● WHAT YOU ARE ASKED TO DO: Below are lines of records; copy exactly those from the one containing "To enable the" through the one containing "Caractère et histoire", leaving the pictures behind.

● THE DATA:
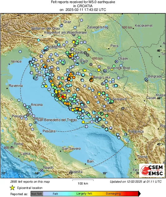 Potres koji je sinoć pogodio zadarsko područje, prema dojavama korisnika EMSC servisa, osjetio se diljem regije.
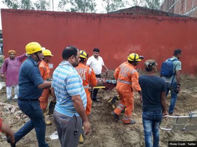 पांच लोगों को सुरक्षित बचा लिया गया है। बाहर निकाली गई गीता नाम की महिला ने बताया कि उनके पति और 8 साल के बच्चे सहित उनका पूरा परिवार अंदर फंसा हुआ है।
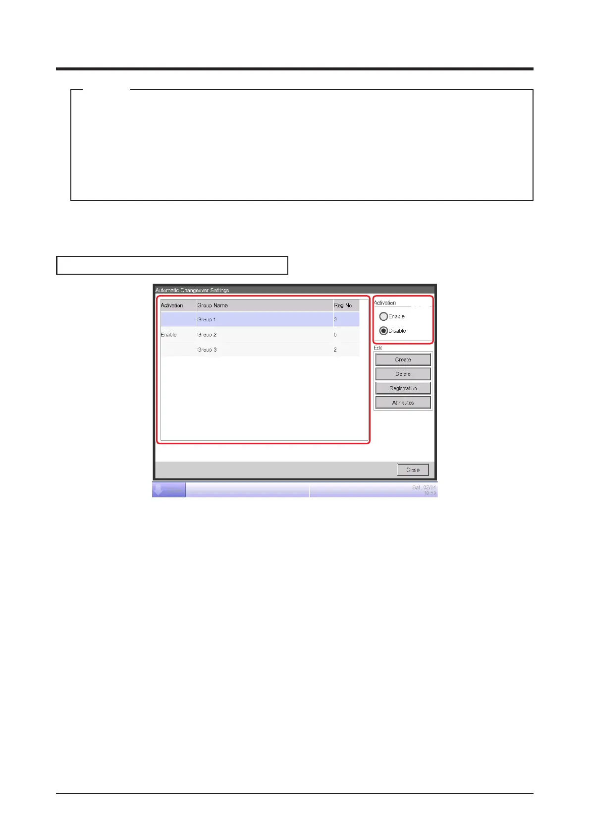 To enable the Auto Changeover function for the group selected in (14), select the Activation radio
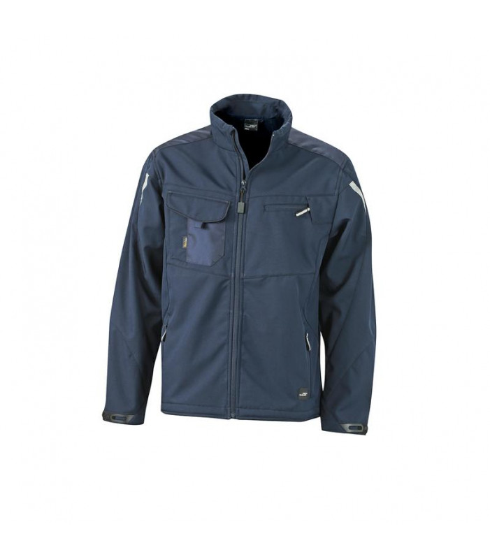 100% poliestere. giacca in softshell resistente al vento e all'acqua fino a 2000 mm, traspirante, colletto rigido, nastro di rinforzo alle spalle con cordura, cerniera intera foderata con guarnizione antivento. 2 tasche laterali con zip, 2 tasche pettorali di cui una con cerniera, tasche interne. dettagli catarifrangenti sulle maniche e sul dorso.
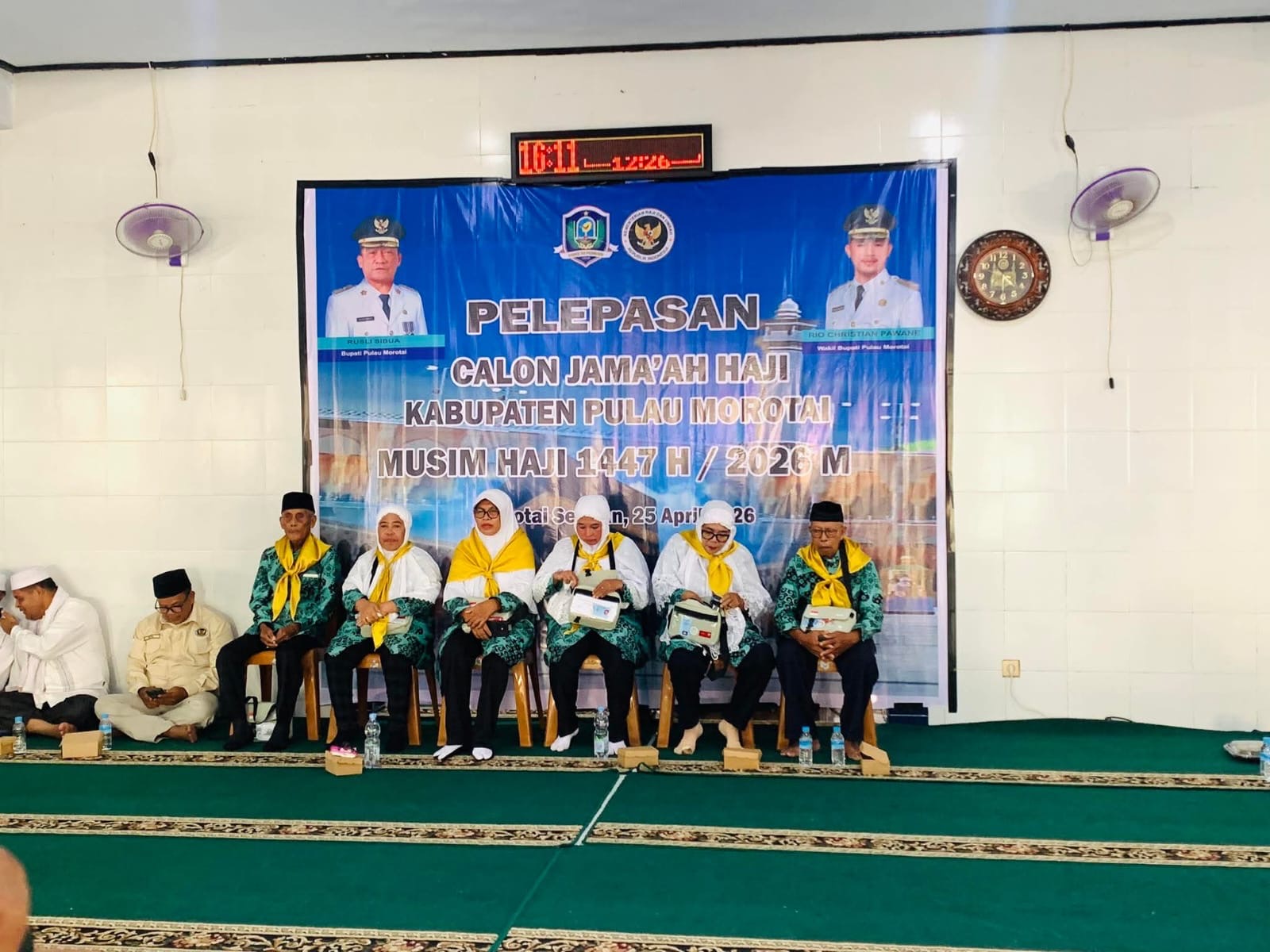 Acara pelepasan JCH oleh Pemda Morotai diwakili Sekda Muhammad Umar Ali bertempat di Masjid Desa Daruba, Morotai Selatan.
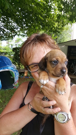 Caractère et histoire : Cookie a été élevée par sa maman, avec ses frères et sœurs. Son éducation est à faire. Elle aime le contact avec l’humain. Elle est très dégourdie pour son jeune âge ! Elle arrive à monter les escaliers.
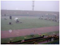 And then mother nature struck, and struck hard, as the approaching dark clouds suddenly seemed to accelerate as if rushing to reach the stadium, then staying put above and starting to unleash a cargo of heavy rain and hail alongside gale force winds. Everyone who could from the stands scrambled to safety of indoors, others hid under the stages on the pitch while others yet rushed up the VIP stand hoping for a dry spot but were still soaked when the storm blew the rain horizontally around the stadium ring, lashing all and sundry still out with rain drops and small fingertip sized hailcorns.
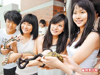 中國臺灣網6月16日消息 據臺灣《蘋果日報》報道,“。W校里有蛇!”臺南縣歸仁鄉(xiāng)長榮大學校內昨驚叫聲連連,原來是企管系大四男生卓佳逸帶來18條寵物蛇,秀給同學試膽。
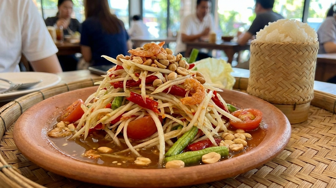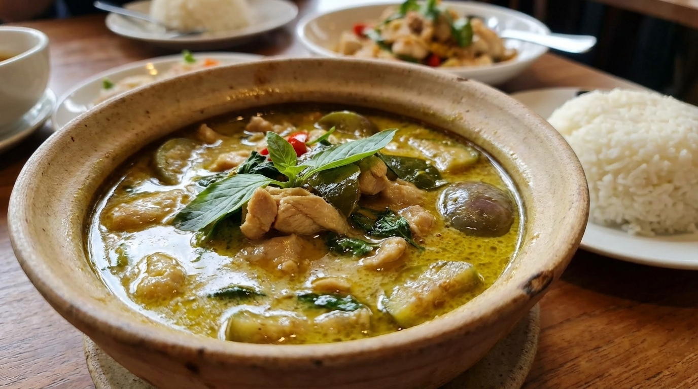 A fusion pasta dish combining Italian spaghetti with Thai-style spicy basil pork meatballs. It features the aromatic heat of holy basil ('krapow') with a savory sauce. A unique and flavorful East-meets-West option.
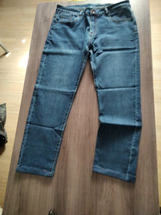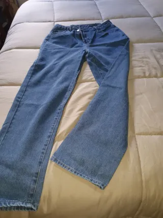 Pantalones vaqueros de color azul. Son de tiro medio y corte recto. Se encuentran en buen estado. - Tejido resistente. - Diseño clásico. - Muy poco uso. Están como nuevos. - De cintura mide 42 cm.
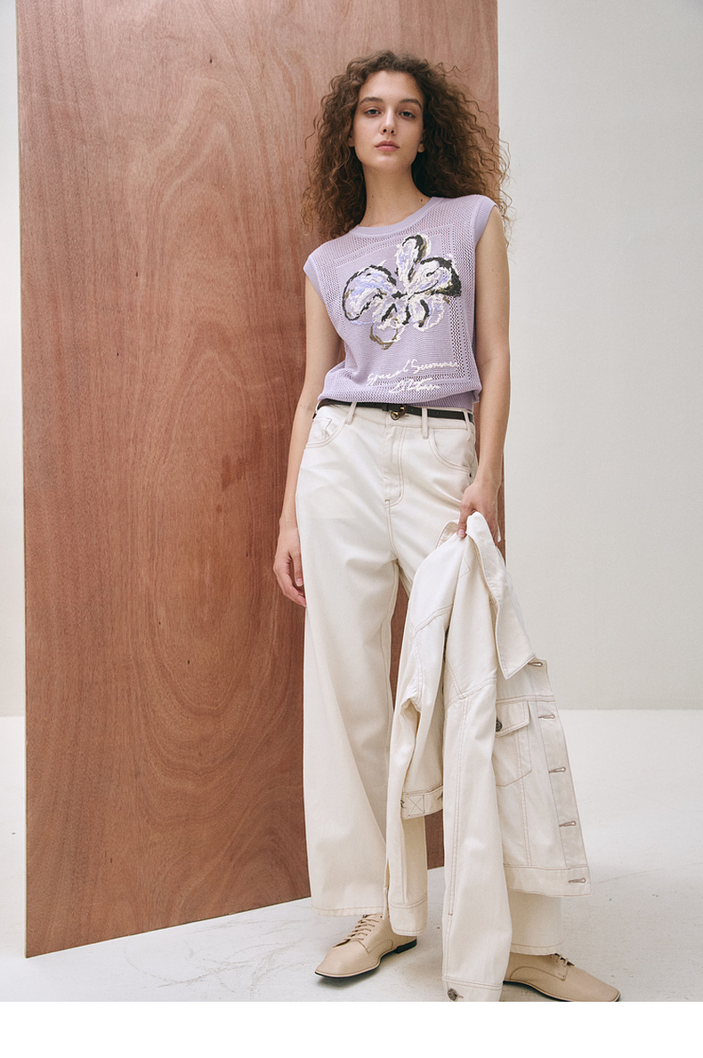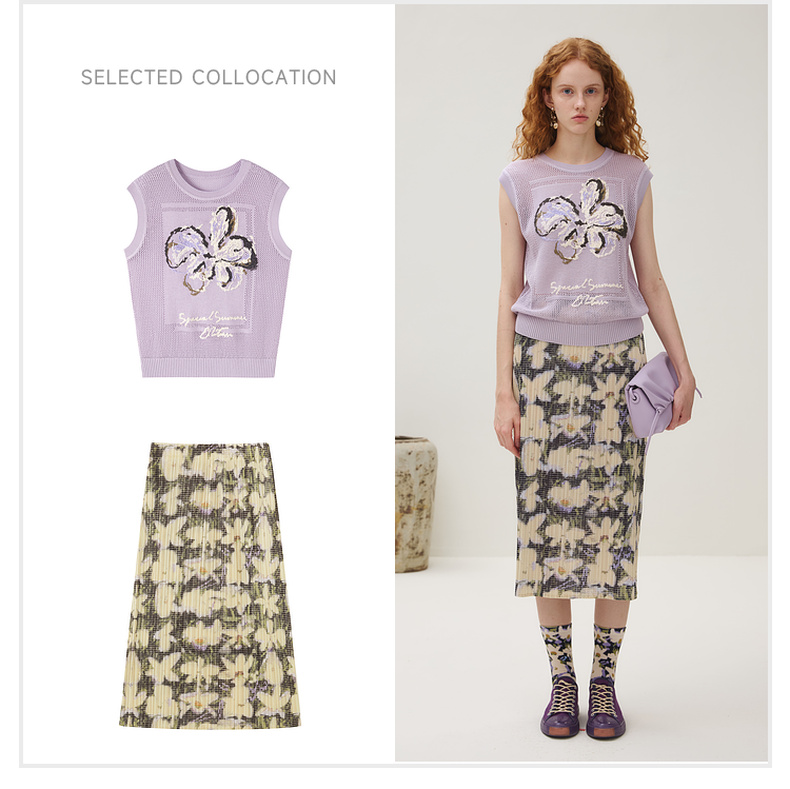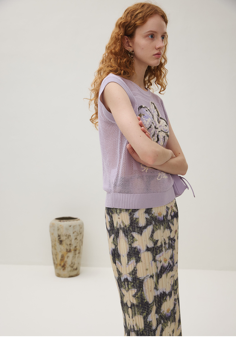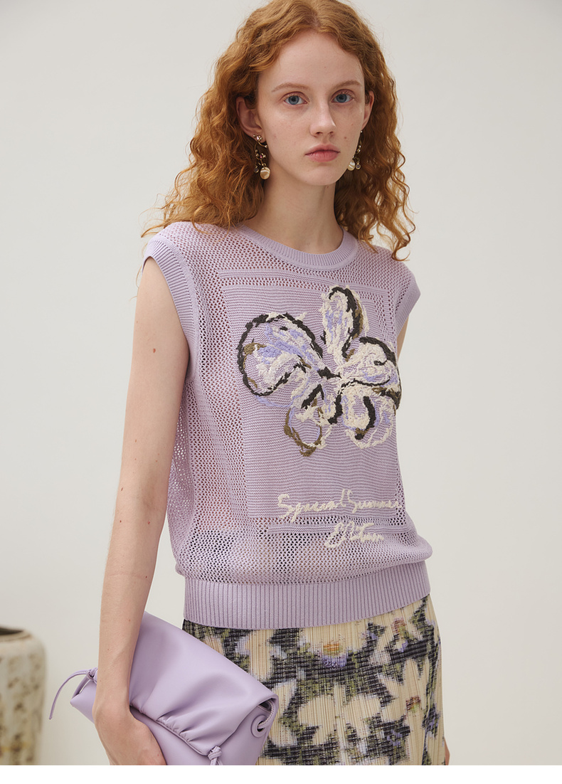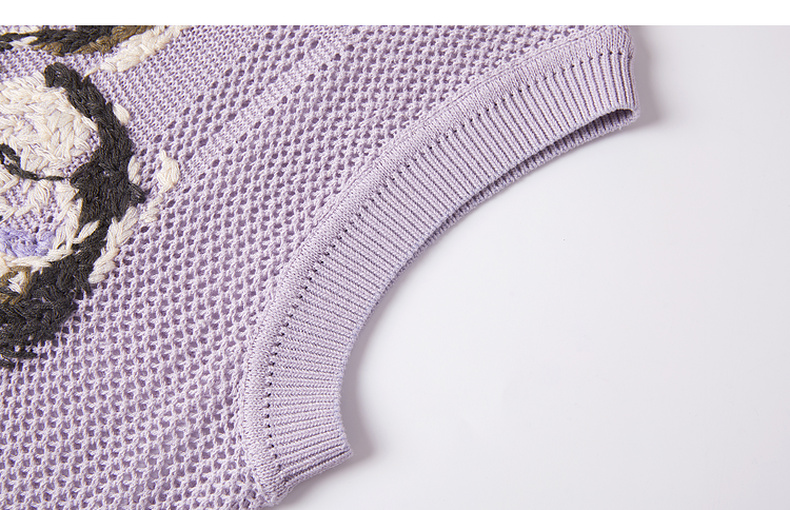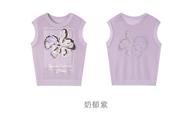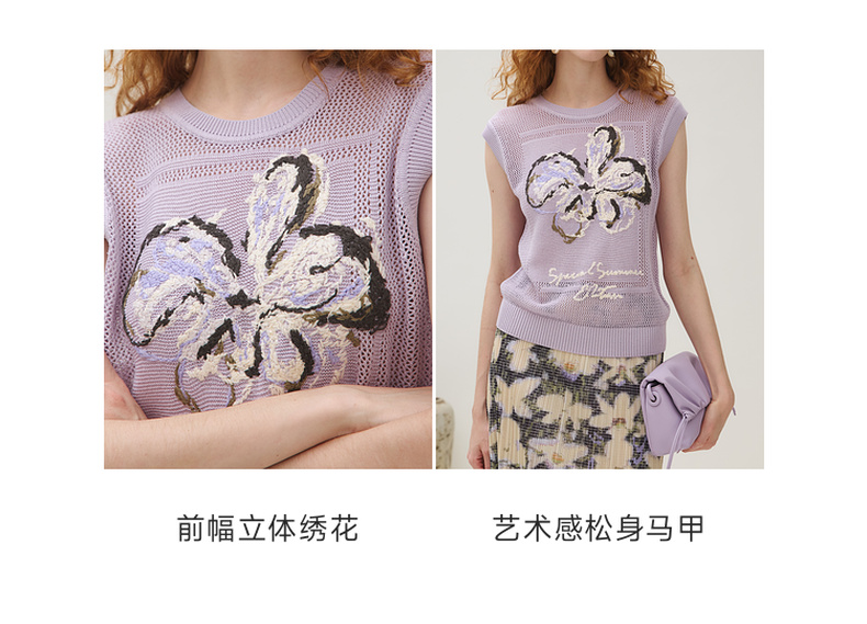 谜底套头针织衫无袖女2025秋季新品文艺风圆领刺绣短款253MZ1308
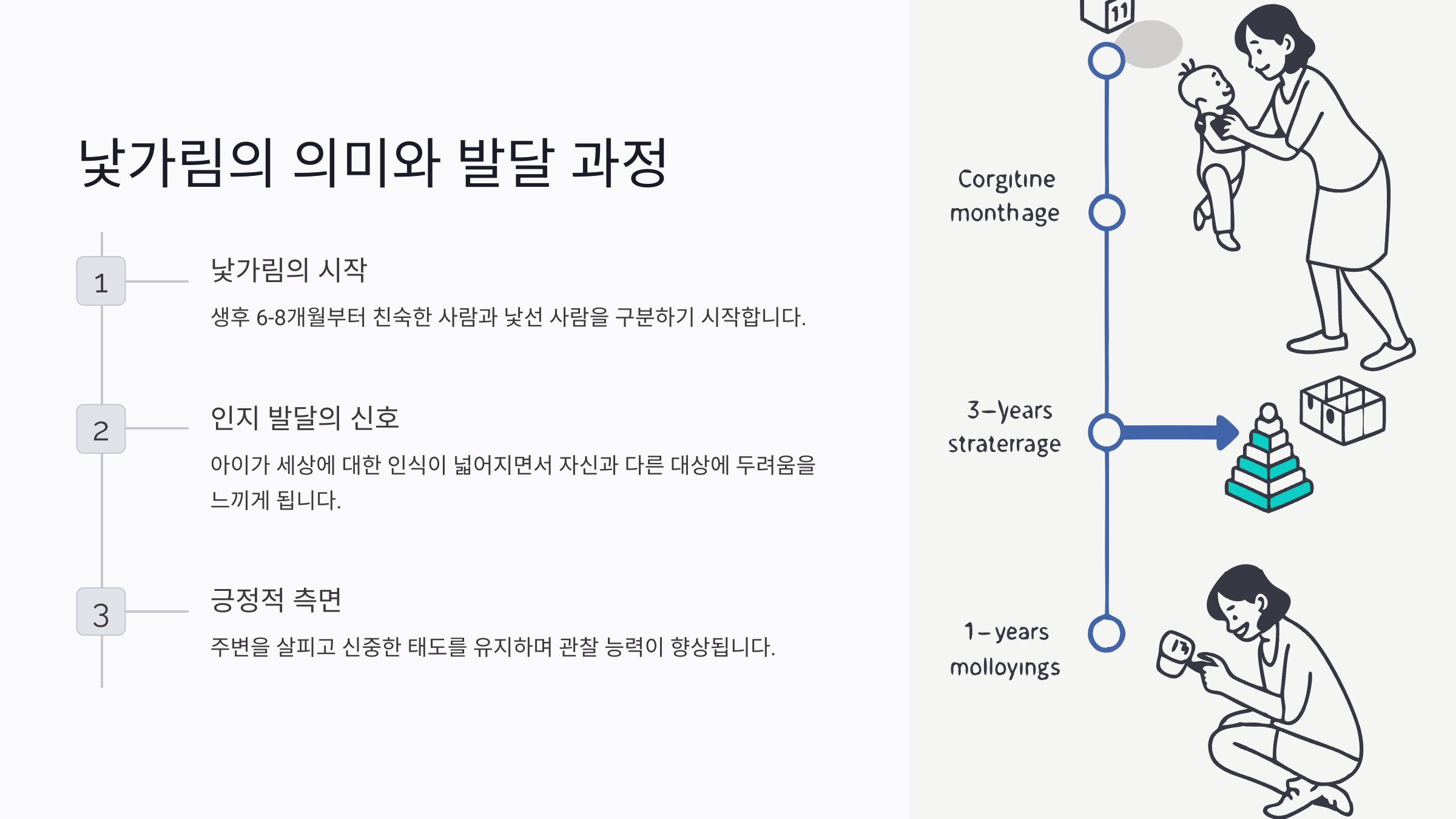 낯가림은 아이가 친숙한 사람과 낯선 사람을 구분할 수 있게 되었다는 인지 발달의 긍정적인 신호입니다. 대부분의 아이들은 생후 6-8개월 무렵부터 낯가림을 시작해요. 이전에는 모든 사람을 구분 없이 반응했던 아이가 낯가림을 통해 자신에게 중요한 애착 대상과 그렇지 않은 사람을 구분하기 시작한다는 의미죠.

● SOLUTION TO THIS PROBLEM:
 To enable the Auto Changeover function for the group selected in (14), select the Activation radio
 100% poliestere. giacca in softshell resistente al vento e all'acqua fino a 2000 mm, traspirante, colletto rigido, nastro di rinforzo alle spalle con cordura, cerniera intera foderata con guarnizione antivento. 2 tasche laterali con zip, 2 tasche pettorali di cui una con cerniera, tasche interne. dettagli catarifrangenti sulle maniche e sul dorso.
 Acara pelepasan JCH oleh Pemda Morotai diwakili Sekda Muhammad Umar Ali bertempat di Masjid Desa Daruba, Morotai Selatan.
 Caractère et histoire : Cookie a été élevée par sa maman, avec ses frères et sœurs. Son éducation est à faire. Elle aime le contact avec l’humain. Elle est très dégourdie pour son jeune âge ! Elle arrive à monter les escaliers.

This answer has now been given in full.